Here, there seems to be an obvious extension that Archetti et al. (2015) do not consider, but that I would like to see run — let’s call it the mixed media experiment. In particular, it seems like mixing beakers of liquid is a very easy experimental procedure, even one that a theorist like me could do. So why not take a beaker of conditioned medium from cells of type A and another from cells of type B and mix them in some proportion p. Now we can grow cells of type Y on this mixed medium and the ratio of cells that we introduced to the cells we count at the end will give us the fitness of Y as a function of the proportion p of type A medium in the A-B mix.
Mixed population and replating
Instead of my proposed mixed medium experiments, for figure 3C Archetti et al. (2015) ran a mixed populations experiment. Here, a petri-dish (or a well in a plate, etc) with a specific mix of medium is populated with a specific number of cells of type A and a specific number of cells of type B such that the type A cells form a specific desired initial proportion p of the cells. The cells are allowed to grow (maybe with a couple of replatings, it is not obvious to me from the description in the paper) for a few days and are then counted through flow cytometry to figure out the new proportion of type A cells.
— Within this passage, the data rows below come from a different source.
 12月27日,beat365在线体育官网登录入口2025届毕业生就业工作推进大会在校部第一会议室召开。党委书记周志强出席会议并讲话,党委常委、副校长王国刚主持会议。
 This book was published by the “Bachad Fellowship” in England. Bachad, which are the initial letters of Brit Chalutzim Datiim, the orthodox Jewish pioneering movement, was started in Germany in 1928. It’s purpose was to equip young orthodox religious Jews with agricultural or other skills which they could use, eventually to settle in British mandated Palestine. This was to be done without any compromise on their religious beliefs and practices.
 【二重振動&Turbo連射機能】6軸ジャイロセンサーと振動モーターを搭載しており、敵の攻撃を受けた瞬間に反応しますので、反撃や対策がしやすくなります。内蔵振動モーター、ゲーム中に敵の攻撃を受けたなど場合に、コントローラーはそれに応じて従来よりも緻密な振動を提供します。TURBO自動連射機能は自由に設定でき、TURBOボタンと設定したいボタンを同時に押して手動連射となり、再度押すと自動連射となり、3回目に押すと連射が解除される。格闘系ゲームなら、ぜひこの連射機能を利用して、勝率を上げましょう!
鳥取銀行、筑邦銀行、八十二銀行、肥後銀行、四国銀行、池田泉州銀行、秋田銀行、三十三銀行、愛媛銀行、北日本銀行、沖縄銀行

The difference between the initial and final proportion is then plotted, and the experiment is repeated for different initial proportions p and — in the case of Archetti et al. (2015) — for different initial mixes of media.
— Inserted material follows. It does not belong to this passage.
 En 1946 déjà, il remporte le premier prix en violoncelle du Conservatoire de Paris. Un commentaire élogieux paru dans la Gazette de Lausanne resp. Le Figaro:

Archetti et al. (2015) showed that as the concentration of serum in the medium is increased from 1% to 10%, producers become relatively less fit. This meshes nicely with the observations that more austere environments tend to encourage cooperation, but the authors prefer to interpret the increase in serum as increasing the cost/benefit ratio of IGF-II. More importantly, they show that for some concentrations of serum (5% and 6% are most dramatic) there is a clearly non-linear response in the relative fitness of producer cells. In particular, for high or low initial proportion p of producer cells non-producers fare better, but for medium initial proportions p the producers fare better. This allows the two cell types to exist in a polyclonal equilibrium, something that is not theoretically possible for replicator dynamics of a linear public good in a well-mixed population. Unfortunately, the authors do not go beyond the typical approach in EGT of looking at qualitative correspondence and do not bother to fit specific fitness functions or replicator dynamics to their data.
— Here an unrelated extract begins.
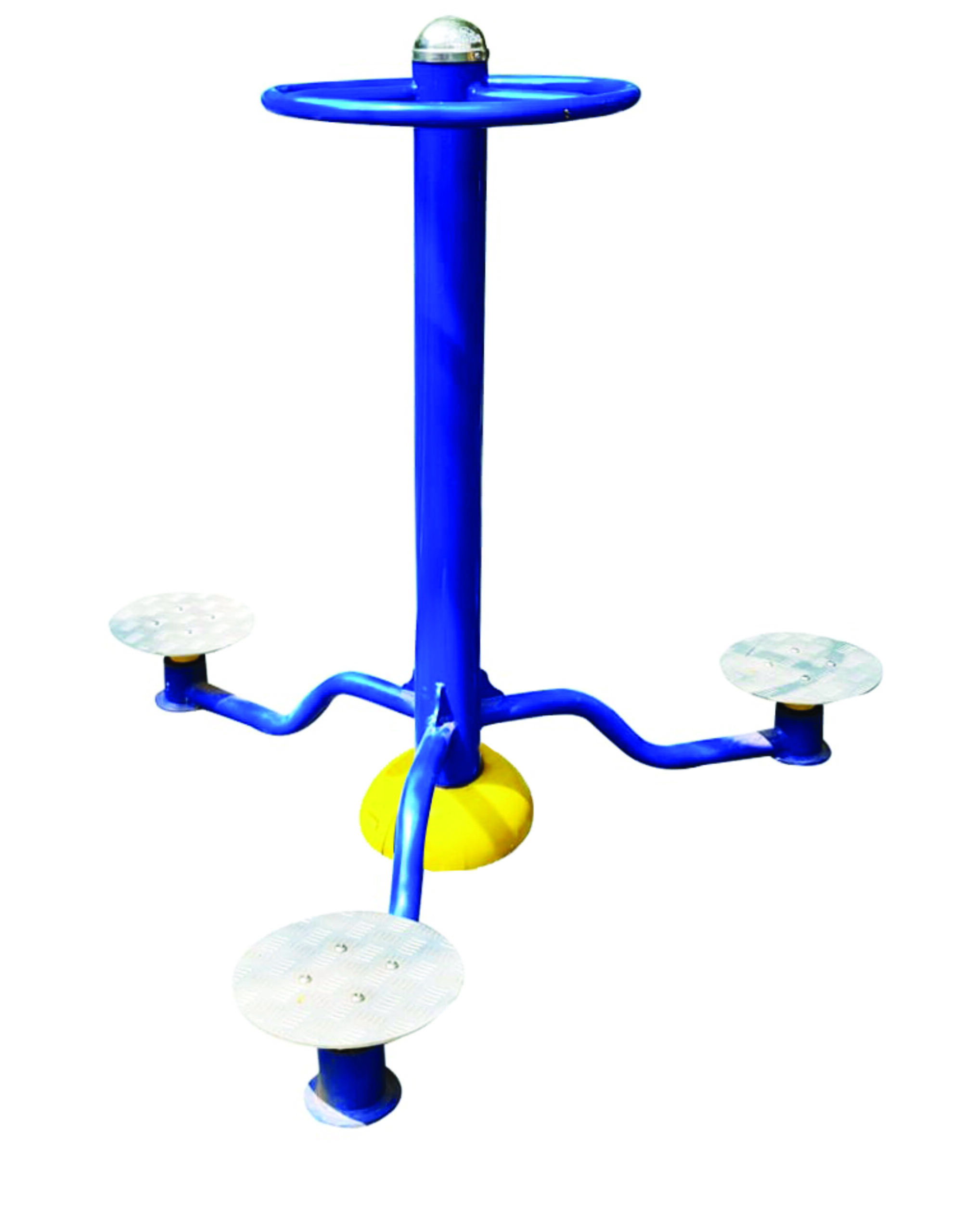 A robust standing twister system for outdoor training to develop obliques and core flexibility not provided outdoors.

Finally in figure 2, Archetti et al. (2015) consider long-term dynamics by running their experiment for 6 weeks. Although they don’t give great detail on their experiment, I will assume that it follows a standard replating procedure. From how often their data points are presented, it looks like they replated every seven days. Standard replating proceeds as follows (as I discussed in my earlier post): (1) fill a new petri dish with a mix of nutritional medium and put a known number N of two different cell types A and B on the medium (on the very first plate we will also know the proportion of A and B in the mixture); (2) let them grow for a fixed amount of time; (3) Randomly sample N cells from the grown population to repeat and seed (1) and then take another sample to run through flow cytometry to estimate the growth in A and B cells. This gives us a time series of the cells evolving that we can track indefinitely; Lenski has been following a similar procedure for decades with the E.coli long-term evolution experiment (Lenski et al., 1991; Wiser et al., 2013; Ribeck & Lenski, 2014).
Giving operationalist meaning to replicator dynamics
The point of philosophical schools like operationalism or instrumentalism — or maybe (analytic) philosophy more generally — is to make sure that we understand what we mean by the words we use. They propose we do this by making sure that the words we use are restricted to specific measurements in a fixed experimental protocol, instead of to some slippery reductionist ontology. In the case of evolutionary game theory, the central word we need to define is ‘fitness’.
Let’s look at the structure of the replating experiment. If we originally had pN cells of type A and (1 – p)N cells of type B and they grew on our plate to numbers and where are arbitrary — although labeled suggestively. Now, the new proportion p’ that starts the next plate is given by:
You might recognize the above as the discrete-time replicator equation where correspond to what we would call fitness. In other words, we just defined what we mean by experimental fitness in the context of this protocol. We didn’t make any assumptions about if things are inviscid or spatial; if we are talking about individual or inclusive fitness; or, if we have growing populations in log phase or static populations with replacement since we can divide by an arbitrary constant and not change the equation that compresses our experimental protocol. All of these microdynamical details that we spent so much time debating about are simply buried in the definition of experimental fitness. More importantly, we provided a precise description of how we will measure this quantity.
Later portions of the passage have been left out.